Joseph's son Murray joined the company in 1933 and the following year Joseph was elected president of the Horticultural Trades Association of Great Britain and Ireland. In 1939, T&M became a limited company and when Joseph died in 1952, Murray Sangster took control. His two sons, Keith and Bruce, joined Murray later. In 1973, they decided to expand their distribution centre in Poplar Lane, Ipswich from where the company still operates. In 1982, Bruce Sangster headed the company's expansion in the U.S. after previously having a distribution base in Jackson, New Jersey. In 1995 this was followed up by the creation of a young plants division in Guernsey in the Channel Islands. The Sangster brothers subsequently relinquished control of the business in December 1999 for £17.5 million.

In May 2002, Thompson & Morgan returned to independent private ownership by Primary Capital Partners, the Sangster brothers and key management.

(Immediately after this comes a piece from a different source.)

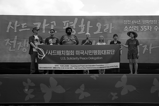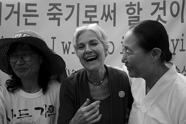 질 스타인 씨는 “미국 정부는 한반도의 평화를 원하지 않는다”고 단언했다. “전쟁은 미국 군수산업계의 생존에 필수적이다. 기존 주요 정치 세력인 민주당과 공화당은 한국에서 평화를 원하지 않는다. 록히드 마틴 같은 군수산업체는 미국 의회에 끊임없이 로비를 한다. 그렇기 때문에 평화를 이루는 방법은 두 가지가 있다. 첫째는 시민들이 스스로의 힘으로 평화를 이끌어 내는 방법이며, 둘째는 무지막지한 군사무기와 군수산업체를 멈추는 방법이다"고 말했다.

The company was sold to BVG Group in March 2017 through the acquisition of their parent company, Branded Garden Products for an undisclosed amount, however the sale price was estimated at £10 million. The new group has a combined turnover of £140 million, with an EBITDA in the region of £13.5 million.

== Awards ==
In the RHS Chelsea Flower Show 2018's 'plant of the year' competition, Thompson & Morgan plants were awarded first and third place.

- First place: Hydrangea 'Runaway Bride Snow White'
- Third place: Helianthus 'Sunbelievable Brown Eyed Girl'

== Catalogue ==

The first Thompson and Morgan catalogue was created in 1855. They now produce over 20 different catalogues that are distributed in the UK, US, French and German markets. Catalogues are distributed by mail and can be requested directly from the company by telephone or via their websites.